Thanks to the Stark family, Orange is the Shangri La of the Lonestar State
Year after year we make an obligatory Texas pilgrimage to visit family. Riding along Interstate 10, we’ve crossed the Louisiana state line and whizzed passed Orange, Texas, a dozen times. The small town, named for the wild citrus groves hugging the banks of the Sabine River, never piqued our interest—until we stopped at the Texas Travel Information Center for a map. Heading west from Louisiana, it is the first exit before Orange.
Row upon row of racks at the information center are filled with pamphlets describing the tempting attractions in the Lone Star State. A giant display welcomes visitors to the Blue Elbow Swamp; this forested wetlands reserve is one of the most threatened in the U.S., and a small portion of the 3,300 acres can be admired by stepping out the back door of the information center. Weary travelers can stretch their legs on the six hundred-foot raised boardwalk which cuts through dense cypress trees. Those with a bit of patience might glimpse colorful woodpeckers, slithering snakes, playful nutria, and sunbathing turtles.
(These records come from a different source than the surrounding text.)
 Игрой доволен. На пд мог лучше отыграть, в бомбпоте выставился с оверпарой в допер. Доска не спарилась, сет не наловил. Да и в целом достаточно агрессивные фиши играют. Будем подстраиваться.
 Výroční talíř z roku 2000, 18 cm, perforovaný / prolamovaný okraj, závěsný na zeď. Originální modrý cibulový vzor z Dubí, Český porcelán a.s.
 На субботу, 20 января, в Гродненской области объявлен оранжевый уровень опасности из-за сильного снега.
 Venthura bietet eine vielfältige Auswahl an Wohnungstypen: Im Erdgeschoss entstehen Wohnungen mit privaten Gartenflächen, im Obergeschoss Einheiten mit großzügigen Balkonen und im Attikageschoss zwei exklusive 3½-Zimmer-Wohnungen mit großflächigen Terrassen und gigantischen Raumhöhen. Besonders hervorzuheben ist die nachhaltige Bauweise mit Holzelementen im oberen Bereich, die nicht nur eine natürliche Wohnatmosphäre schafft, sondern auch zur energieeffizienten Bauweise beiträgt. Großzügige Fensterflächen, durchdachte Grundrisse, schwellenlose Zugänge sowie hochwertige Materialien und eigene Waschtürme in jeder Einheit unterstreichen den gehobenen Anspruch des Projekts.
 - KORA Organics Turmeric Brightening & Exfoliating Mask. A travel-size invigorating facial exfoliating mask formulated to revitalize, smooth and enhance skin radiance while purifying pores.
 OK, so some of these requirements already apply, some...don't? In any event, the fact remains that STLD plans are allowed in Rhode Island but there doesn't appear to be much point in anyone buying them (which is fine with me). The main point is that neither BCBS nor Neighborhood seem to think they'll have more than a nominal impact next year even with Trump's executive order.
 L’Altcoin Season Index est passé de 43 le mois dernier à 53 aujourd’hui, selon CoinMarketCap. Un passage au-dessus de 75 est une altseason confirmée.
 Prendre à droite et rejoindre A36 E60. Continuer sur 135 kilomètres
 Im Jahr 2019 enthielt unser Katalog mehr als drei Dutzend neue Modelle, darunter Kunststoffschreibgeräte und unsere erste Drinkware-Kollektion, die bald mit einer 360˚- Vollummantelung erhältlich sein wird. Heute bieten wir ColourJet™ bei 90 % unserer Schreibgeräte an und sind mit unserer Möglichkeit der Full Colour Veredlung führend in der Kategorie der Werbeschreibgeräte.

We told an information center employee how much we enjoyed the scenery, and she enthusiastically suggested we take a five-minute drive to the Shangri La Botanical Gardens and Nature Center. Despite our skepticism, we followed the signs and paid the $6 admission.
Our tour of the 252 acres began at the Discovery Theater, watching a short film about the history of Shangri La and philanthropist H.J. Lutcher Stark. Deeply inspired by the book, Lost Horizon, Stark named his garden after the fictional utopia Shangri La, whose origins lie in this book. Working for nine years, Stark created his own nature retreat beside Adams Bayou in his hometown of Orange, Texas. In 1946, the private garden opened to the public, attracting thousands of visitors who came to see the stunning azaleas, tupelo swamp, and wildlife.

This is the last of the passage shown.